**What the task asks**
Would you retype, word for word, only the lines from the one holding "Convierte el aprendizaje" through the final line of the entries below, without the pictures?

===

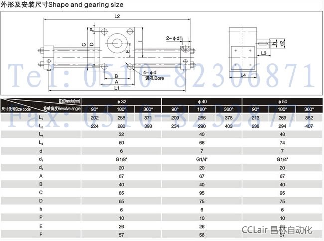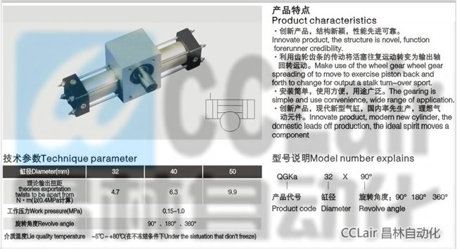 QJKa50*90°,QJKa50*180°,QJKa50*360°,齒輪齒條擺動(dòng)氣缸(軸式)
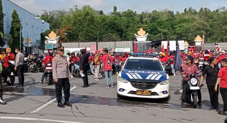 Garut | Polres Garut jaga unjuk rasa dari beberapa aliansi Buruh seperti Aliansi Serikat Burus Kasbi, Sarbumusi, Danbi dan lainnya. Kamis (21/11/2024).
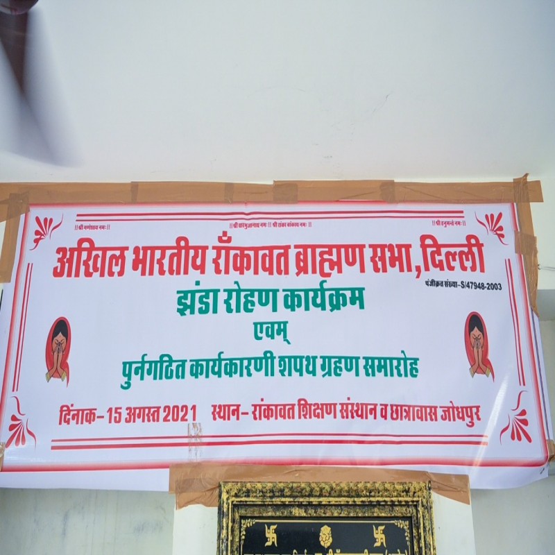 रांकावत समाज की सर्वोच्च संस्था अखिल भारतीय रांकावत ब्राह्मण सभा, दिल्ली के राष्ट्रीय अध्यक्ष श्री मुकेश के व्यास ने छात्रावास भवन पर भव्य झण्डारोहण अपने कर कमलों द्वारा किया | झण्डारोहण के सहयोगी बने सर्वश्री सुरेन्द्र स्वामी, राजेन्द्र गोयल,रतन दास माधावत एवं देवदास शर्मा तथा सैकड़ो की संख्या में इस सम्पूर्ण समारोह में भारतवर्ष की संस्थाओं से पधारे गणमान्य पदाधिकारियों अध्यक्षों, पूर्व राष्टीय अध्यक्षों, सलाहकार मण्डल व सभा की कार्यकारिणी के पदाधिकारियों, समाज के गणमान्य व्यक्तियों तथा महिला शक्तियों की गरिमामयी उपस्थिति रही |
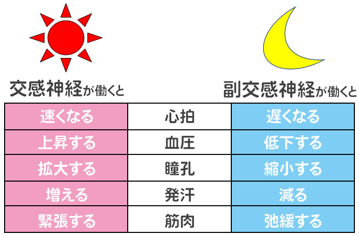 自律神経には、「交感神経」と「副交感神経」の2種類があります。この2つがバランスをとりながら心臓や腸、胃、血管などの臓器の働きを司っていて、健康に欠かせないものです。こんな風に教科書に書かれている通りに言われても、ピンとこない方も多いかなと思うので、下の表を参考に具体的な事例をご紹介します。
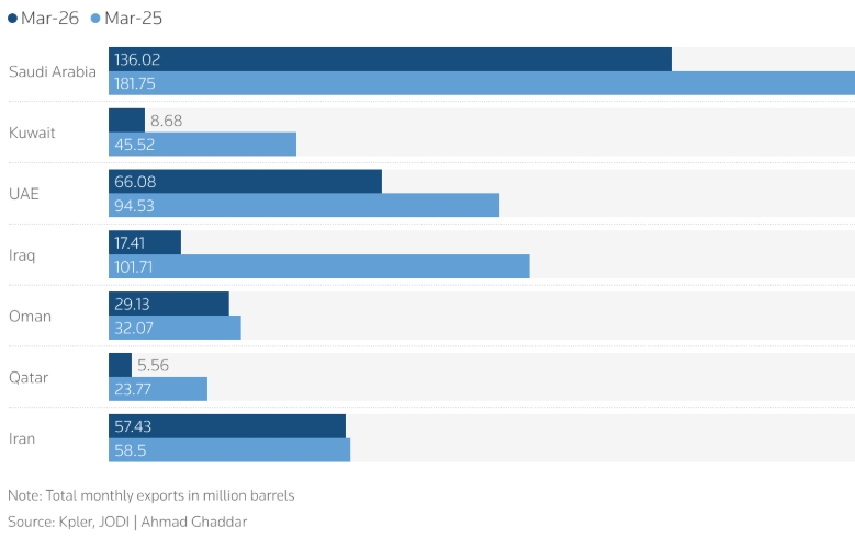 Экспорт сырой нефти и конденсата из большинства стран Персидского залива сократился, поскольку война США и Израиля с Ираном фактически перекрыла Ормузский пролив
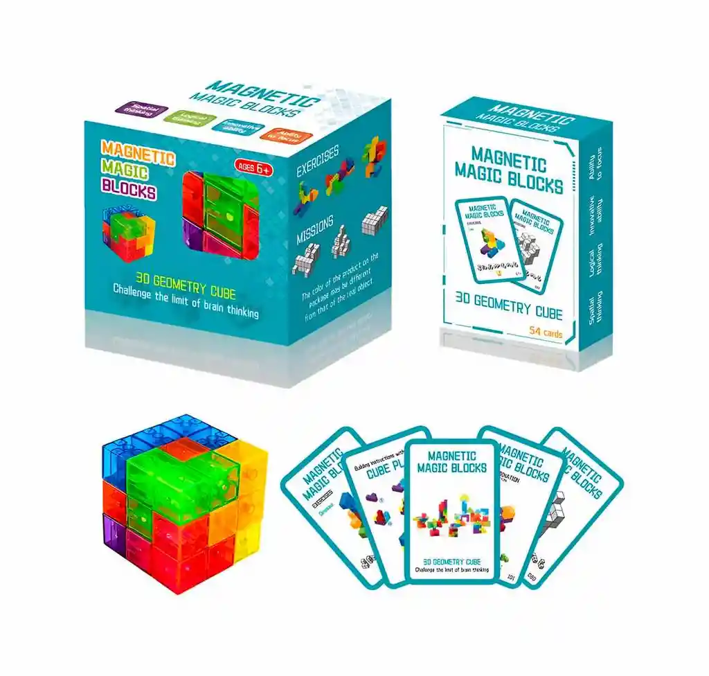 Convierte el aprendizaje en diversión con el set Magnetic Magic Blocks 3D Geometry Cube, un innovador juego de bloques magnéticos en colores vibrantes que permite crear infinitas figuras y estructuras en 3D; ideal para niñas y niños a partir de 6 años, estimula la imaginación, desarrolla el pensamiento lógico y potencia la creatividad mientras resuelven retos y misiones incluidas en las tarjetas del juego, ofreciendo horas de entretenimiento educativo y estimulante. Ficha Técnica: Dimensiones del cubo: 6 cm x 6 cm x 6 cm Material: Plástico ABS Referencia: CU1209 Certificado de conformidad: CS-LCO-13233-2021S2/432 Edad recomendada: + 6 años Términos de garantía: Para defectos de fábrica o retractos: Por favor revise el producto apenas lo reciba y antes de usarlo. No aplican ley de retracto o defectos de fábrica luego de usar el producto. Se manejan máximo 5 días para reportar defectos de fábrica (por ejemplo, producto funciona mal, piezas faltantes, rotas, etc). Para hacer efectiva la devolución el producto debe devolverse con el empaque original, el cual debe estar en buen estado, incluir todos los documentos y las partes completas y sin daños.
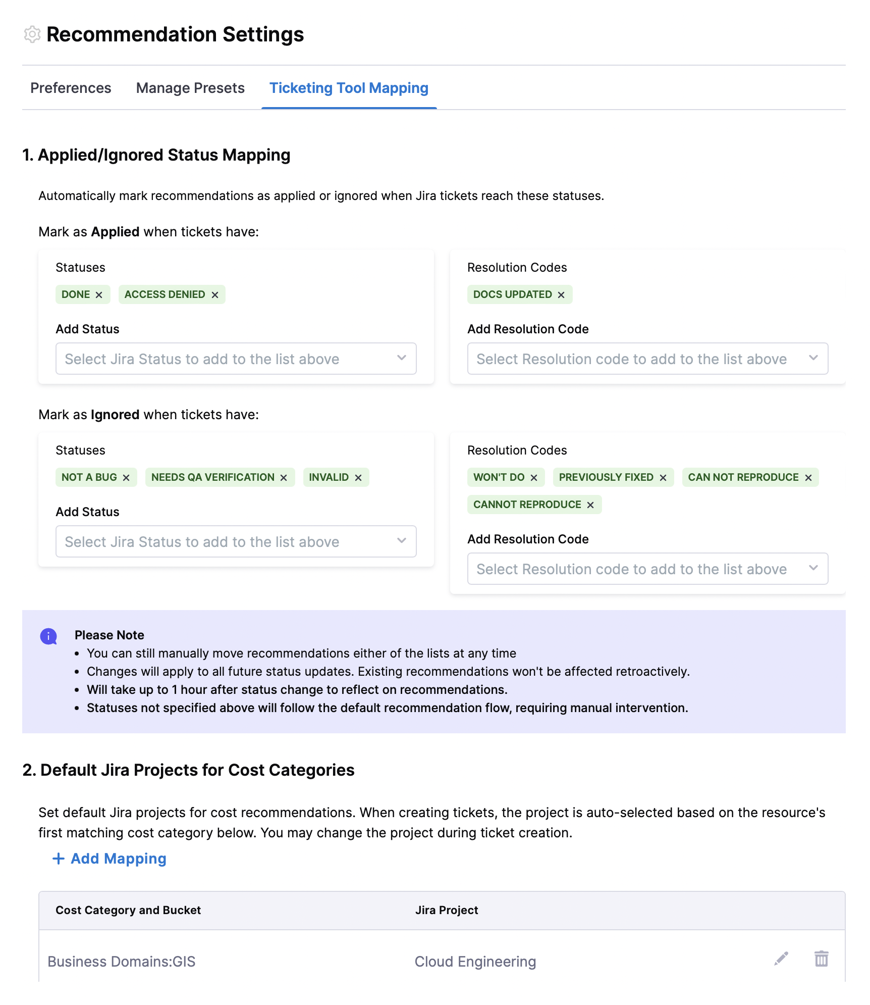 • Cost Category–JIRA Mapping Cleanup: Empty rows will no longer be added when users attempt to create multiple mappings without saving them. [CCM-29161]
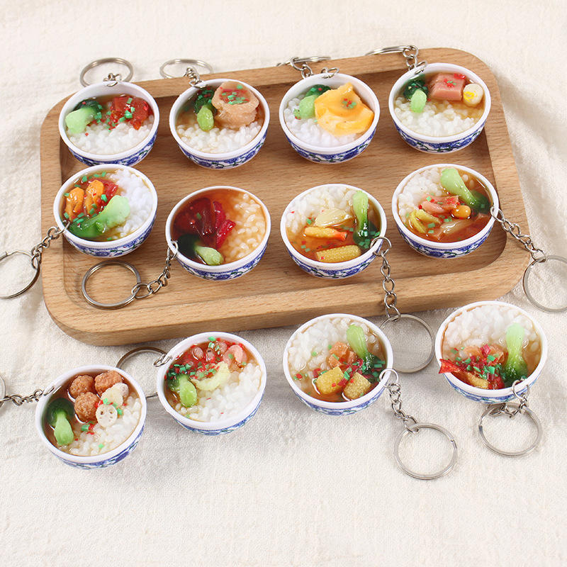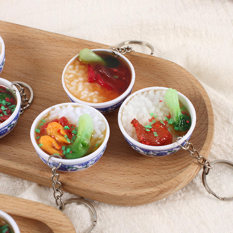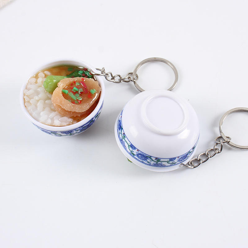 โมเดลชามข้าวจำลองขนาด 4 ซม., พวงกุญแจจานชามลายครามสีน้ำเงินและสีขาว, ของเล่นอาหารจีนจำลองขนาดเล็ก

===

**Task result**
 Convierte el aprendizaje en diversión con el set Magnetic Magic Blocks 3D Geometry Cube, un innovador juego de bloques magnéticos en colores vibrantes que permite crear infinitas figuras y estructuras en 3D; ideal para niñas y niños a partir de 6 años, estimula la imaginación, desarrolla el pensamiento lógico y potencia la creatividad mientras resuelven retos y misiones incluidas en las tarjetas del juego, ofreciendo horas de entretenimiento educativo y estimulante. Ficha Técnica: Dimensiones del cubo: 6 cm x 6 cm x 6 cm Material: Plástico ABS Referencia: CU1209 Certificado de conformidad: CS-LCO-13233-2021S2/432 Edad recomendada: + 6 años Términos de garantía: Para defectos de fábrica o retractos: Por favor revise el producto apenas lo reciba y antes de usarlo. No aplican ley de retracto o defectos de fábrica luego de usar el producto. Se manejan máximo 5 días para reportar defectos de fábrica (por ejemplo, producto funciona mal, piezas faltantes, rotas, etc). Para hacer efectiva la devolución el producto debe devolverse con el empaque original, el cual debe estar en buen estado, incluir todos los documentos y las partes completas y sin daños.
 • Cost Category–JIRA Mapping Cleanup: Empty rows will no longer be added when users attempt to create multiple mappings without saving them. [CCM-29161]
 โมเดลชามข้าวจำลองขนาด 4 ซม., พวงกุญแจจานชามลายครามสีน้ำเงินและสีขาว, ของเล่นอาหารจีนจำลองขนาดเล็ก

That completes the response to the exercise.